After I renewed my certificate I cant’t access couchdb through https. Nothing changed in the configuration file. Only the renewal was done. It works over port 5984 without https but not on 6984 with https
My domain is: hotelbee.tk
I ran this command: sudo certbot --config-dir /opt/couchdb/letsencrypt renew
My web server is (include version): Ubuntu 18.04
My hosting provider, if applicable, is: Digitalocean
Hi @neli95,
Welcome to the community forum!
I couldn’t find explicit documentation stating what to do when replacing a certificate in CouchDB, but have you tried issuing a SIGHUP or reloading the process assuming CouchDB has a reload function. If all of that fails, the CouchDB docs state that when configuring a TLS cert you should restart the process, but that can lead to a temporary outage every 90 days https://docs.couchdb.org/en/1.3.0/ssl.html.
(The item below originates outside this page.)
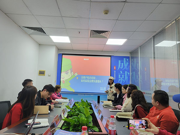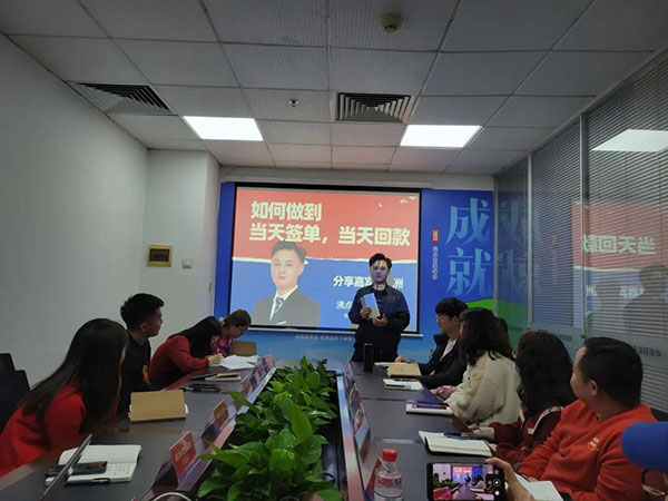 接着是经验分享环节:郭浩分享了自己如何在心态不好,业绩落差很大的情况下,如何设定目标,把握优势,实现业绩突破,并成为2021年年度冠军的;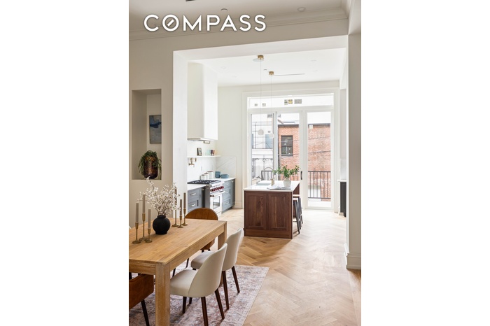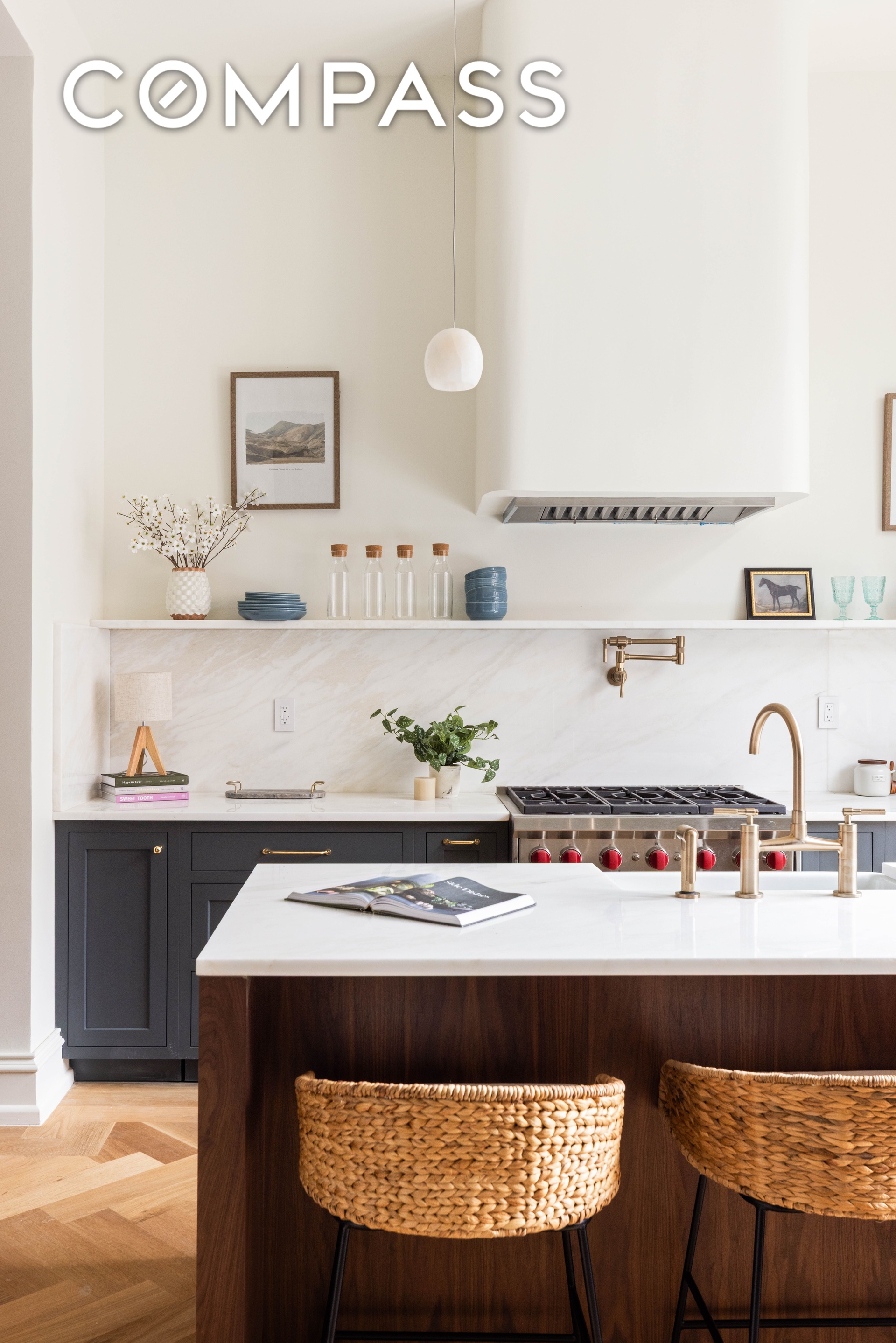 Upon entering the parlor level, you are immediately greeted by 11'6" soaring ceilings, striking moldings, and exquisite White Oak herringbone flooring. Anchoring the formal living room is a stately marble mantel wood-burning fireplace, creating an elegant focal point for the sun-drenched space. The parlor flows seamlessly into the rear kitchen — a true chef’s haven outfitted with custom inset cabinetry, an integrated Subzero refrigerator, Bosch dishwasher, Sharp microwave drawer, six-burner Wolf range, and a Summit wine refrigerator. Oversized windows bathe the kitchen in natural light and offer direct access to a full-width deck overlooking the manicured garden.

Worst case scenario you might want to look into fronting CouchDB with HAProxy or Nginx.
Is it absolutely critical for you to use a Let’s Encrypt cert for this service instead of something like https://github.com/cloudflare/cfssl or https://github.com/FiloSottile/mkcert ?
Do your logs give any insight as to why the new cert hasn’t been picked up?
$ echo | openssl s_client -connect hotelbee.tk:6984 -servername hotelbee.tk 2>/dev/null
CONNECTED(00000003)
---
no peer certificate available
---
No client certificate CA names sent
---
SSL handshake has read 0 bytes and written 323 bytes
Verification: OK
---
New, (NONE), Cipher is (NONE)
Secure Renegotiation IS NOT supported
Compression: NONE
Expansion: NONE
No ALPN negotiated
Early data was not sent
Verify return code: 0 (ok)
---
$ telnet hotelbee.tk 5984
Trying 46.101.112.224...
Connected to hotelbee.tk.
Escape character is '^]'.
^]
telnet> \q
Connection closed.
$ telnet hotelbee.tk 6984
Trying 46.101.112.224...
Connected to hotelbee.tk.
Escape character is '^]'.
Connection closed by foreign host.
This topic was automatically closed 30 days after the last reply. New replies are no longer allowed.